= Charles Scott Bridges =

American corporate executive

Charles Scott Bridges (April 24, 1903 - November 24, 1961) was an American corporate executive.

== Early life and education ==
Bridges was born at Bridges P.O., Gloucester County, Virginia. He was the youngest of fourteen children (eleven of whom grew to adulthood), born to Thomas Francis Bridges, a farmer, merchant, and postmaster, and his wife Mary Otie Bartow (Hughes) Bridges. His paternal grandparents were John Alexander Bridges, M.D. and Florida (Stubblefield) Bridges.

His earliest known ancestor in Gloucester, Simon Stubblefield, had received a land grant there in 1688. After Bridges' father suffered a stroke in 1912, the family moved to the city of Norfolk, where Bridges completed elementary school and Maury High School. In 1922, after completing high school, Bridges shipped out as an apprentice seaman on a tramp ship, the S.S. Schroon, and for the first time saw the Caribbean and the Mediterranean, which he said later decided him on a career in international business.

Returning to Virginia, he attended the University of Virginia for a year, worked for a year for a food brokerage concern, and then in 1924 became a salesman in Norfolk for Libby, McNeill & Libby, one of the largest American producers of canned foods. He was to spend the remainder of his life in the employ of Libby's.

== Career ==
In 1927 Bridges was transferred to Libby's export department and assigned to the company's office in New Orleans. With New Orleans as a base, he spent the next four years selling Libby's products in the Caribbean and Central and South America. In 1932 he was assigned to Libby's corporate headquarters in Chicago. In 1938 he was named manager of the export department, and in 1943 he became corporate vice president for sales and advertising. He was made a director of the company in 1947, and in 1953 he became Libby's President and Chief Executive Officer. Libby's expanded and modernized during his presidency, and he successfully fought off an attempt by outsiders to take over the company. By 1960 Libby's had 9,000 employees and annual revenues of $296 million, and ranked 154th in size among U.S. corporations.
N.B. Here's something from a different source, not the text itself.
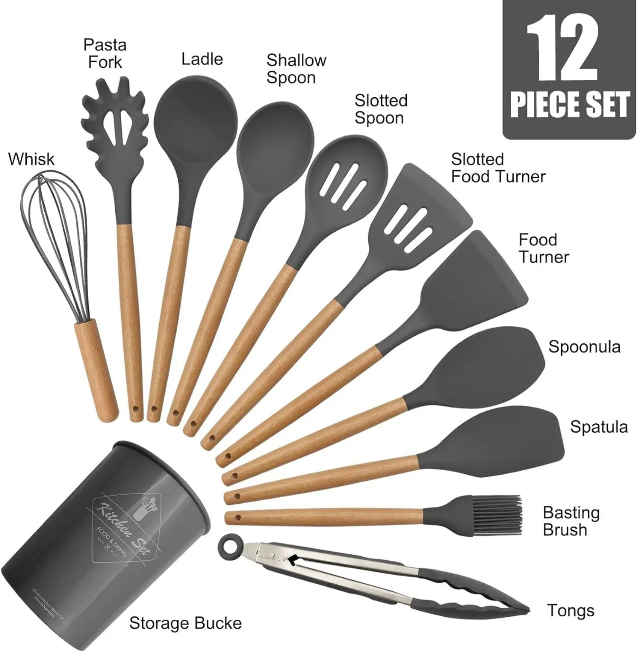 Silicone Spoon Set Wooden 19 Set

Bridges served as an officer of the Grocery Manufacturers of America, a trustee of the National Nutrition Foundation, and a member of the boards of the Chicago Chamber of Commerce, the Council on Medical and Biological Research of the University of Chicago, and Community Memorial General Hospital of La Grange, Illinois. He was a member of the Society of the Cincinnati in the State of Virginia and the Sons of the American Revolution.

== Personal life ==
Charles Scott Bridges was married in New Orleans on August 26, 1931, to Shirley Amalie Devlin, a native of that city, who survived him until 2003. They had three children: Ambassador Peter Scott (1932- 2022 ), who married Mary Jane Lee; Shirley Bartow Ann (1936- ), who married Peter Joseph Pizzo, Jr.; and Mary Elizabeth (1947- ), who married Timothy Wiggenhorn, from whom she was subsequently divorced. As of 2025, Charles Scott and Shirley (Devlin) Bridges were also survived by eleven grandchildren and fifteen great-grandchildren.

== Legacy ==
Bridges died at his home in Hinsdale, Illinois, on November 24, 1961. Subsequently, Libby's was acquired by Nestlé, which continued to use Libby's as a brand name for some years. In recent years, Seneca Foods has licensed the Libby's name.